The story of Graeme’s first foray into earth, designing and helping build a house for potter Yvonne Rust near Whangarei in 1972, was highly commended in the 2016 Warren Trust Awards for Architectural Writing. The house, built out of rammed earth and recycled materials – all sourced locally – was the first of many houses designed by Graeme incorporating all types of earth construction, with many of these built by their owners.

Indeed, the easily learned building skills, particularly when using adobe, pressed earth bricks or cob, make earth building particularly attractive to owner builders. This is reflected by the fact that seventy five per cent of earth buildings constructed since the middle of last century have been built by their owners, mostly in rural locations.

Another advantage of earthen walls lies in their being monolithic. Structure and linings, exterior and interior, are one in the same and no additional high carbon footprint materials are required. Recent developments have seen lightweight materials introduced to adobe brick and cob mixes to improve their thermal resistance when used for exterior walls. Heavier weight walls are better used internally to take advantage of their thermal mass.

Rippon Winery, Wanaka by Rafe Maclean, 2011.  Image:  Camilla Stoddart

Like North, a handful of other architects in New Zealand have remained committed to natural materials throughout their careers. Many others are attracted to rammed earth in particular, but very few have used it. Two recent examples of one-off architect-designed rammed earth buildings are Rafe MacLean’s Rippon Winery near Wanaka and Assembly Architects’ 2016 NZIA Award-winning Arrowtown House. The decision to use earth was client driven in both projects, but even though the architects can count their earthen endeavours on two digits they both say they are keen to use the material again.

So what is holding natural building back in Aotearoa New Zealand? We do not have a shortage of raw material but we do have a shortage of design and building skills, and we are behind in the development of products that would enable building at scale. Very few tertiary and level courses include natural building. Unitec has been running an elective for the last two years and some other polytechnics run courses from time to time.

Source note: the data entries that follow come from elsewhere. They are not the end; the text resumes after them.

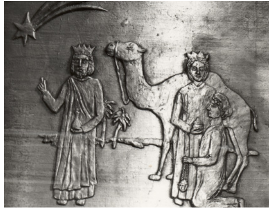
Detail von der Dreikönigsglocke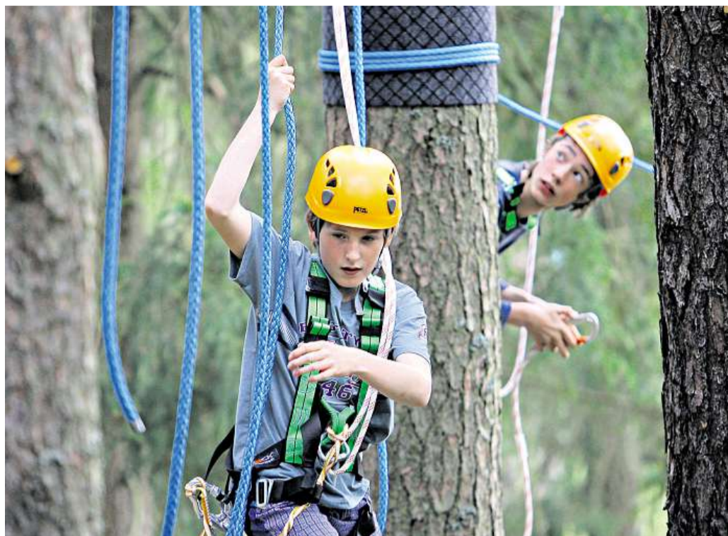
Lanové centrum Přímou u Adšpašského skalního města si zájemci s dětmi od šesti let mohou vyzkoušet odvahu na překážkách v lanovém centru. Mají tu lezeckou stěnu, nízké překážky i visuté lávky.

Další lanový park vznikl u táborové základny na Janovičkách v Javořích horách u Broumova. Zájemci si tam mohou objednat návště-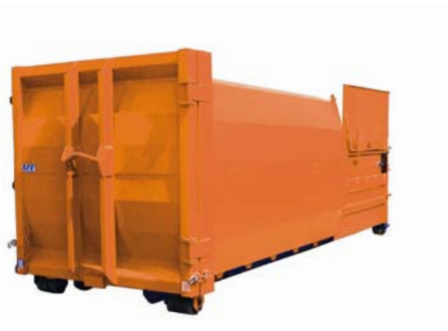
PC 600 AR für Abrollkipper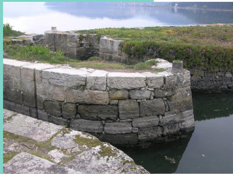
Muros do muíño de marea

Ao debalar o mar quedan ao descuberto marismas e areais. As marismas son hábitats de augas mornas e mansas onde bule a vida vexetal (algas verdes, sebas) e animal (miñocas que remexen o subtrato e se alimenta de residuos, como os cagóns ou arenícolas).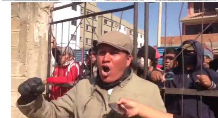
Obreros de Manaco de Quillacollo

Estos cabrones de los policías han entrado como maleantes, han destrozado nuestro sindicato. Han venido a destrozarnos nuestros inmuebles, nuestros coches, nosotros tenemos esto con nuestro sacrificio. Estamos en desacuerdo con este gobierno, esto se llama dictadura, tenemos que unirnos los bolivianos para sacarle al Evo Cabrón.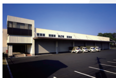
事業用資産・ テナント事業 大型テナントビル・ 倉庫・店舗型住宅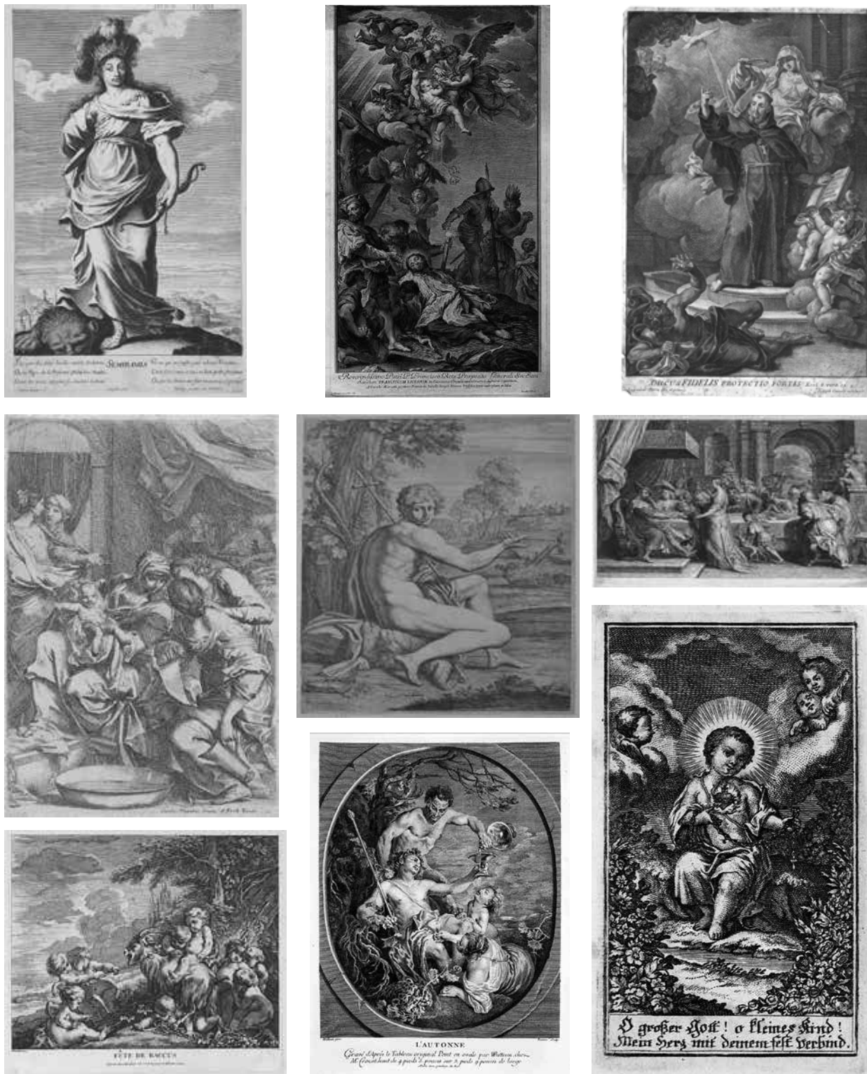
32. Grafikai művek Johann Lucas Kracker előképekészletéből: (1) Gilles Rousset és Abraham Bosse rézmetszete Claude Vignon rajza után: Semiramis, 1639–40 körül; (2) Jacobus Frey rézmetszete Carlo Maratta után: Xaveri Szent Ferenc halála, 1733; (3) Joseph Canale rézmetszete Ludovico Stern után: Sigmaringeni Szent Fidél, 1760 körül; (4) Carlo Maratta: Mária születése, rézkarc 1685 körül; (5) Pietro del Po Annibale Carracci után: Keresztelő Szent János, rézmetszet és rézkarc, 17. század második fele; (6) Schelte Bolswert rézkarca Peter Paul Rubens után: Herodes lakomája, 1640 körül; (7) Pierre Alexandre Avelin François Boucher után: „Fête de Bacchus”, rézmetszet és rézkarc 1738 körül; (8) Étienne Fessard rézmetszete Antoine Watteau után: „L’Autonne”, 1740 körül; (9) Délnémet grafikus, 1740/1760 körül: A szívére mutató kis Jézus a szeretet láncával. A müncheni „Seminarkindl” rézmetszetű képe

The only consistent way of learning is via workshops that are usually run during the process of building someone’s house. What workshops there are, are generally advertised on the EBANZ (Earth Building Association of New Zealand) website and the charitable organisation, The YIMFY Trust, which aims to facilitate a more formal training programme.

Straw bale townhouses in Fano, Italy by Archética, 2015.  Image:  Federico Berluti

In order to build at scale, industry partnerships are necessary. Currently the only commercial earth brick yard in the country, Solid Earth in Nelson, supplies to order and would need much greater demand in order to grow. Hemp production has not come on stream in sufficient quantity yet but may well do so and if straw building is to grow, a buy-in from the grain growing industry and some form of commercialised panel construction are necessary.

In Aotearoa New Zealand we have a strong base from which to develop low and ultra-low carbon architecture. Homegrown timber framing is firmly entrenched as the national vernacular and much of our energy is generated by renewable sources. We have the additional natural ingredients and the knowledge, we just need a commitment from all sectors of the construction industry to promote and enable their use on a larger scale.

[1] Alcorn, Andrew. 2010. “Materials Matter More”, SB10 Conference, paper. Wellington.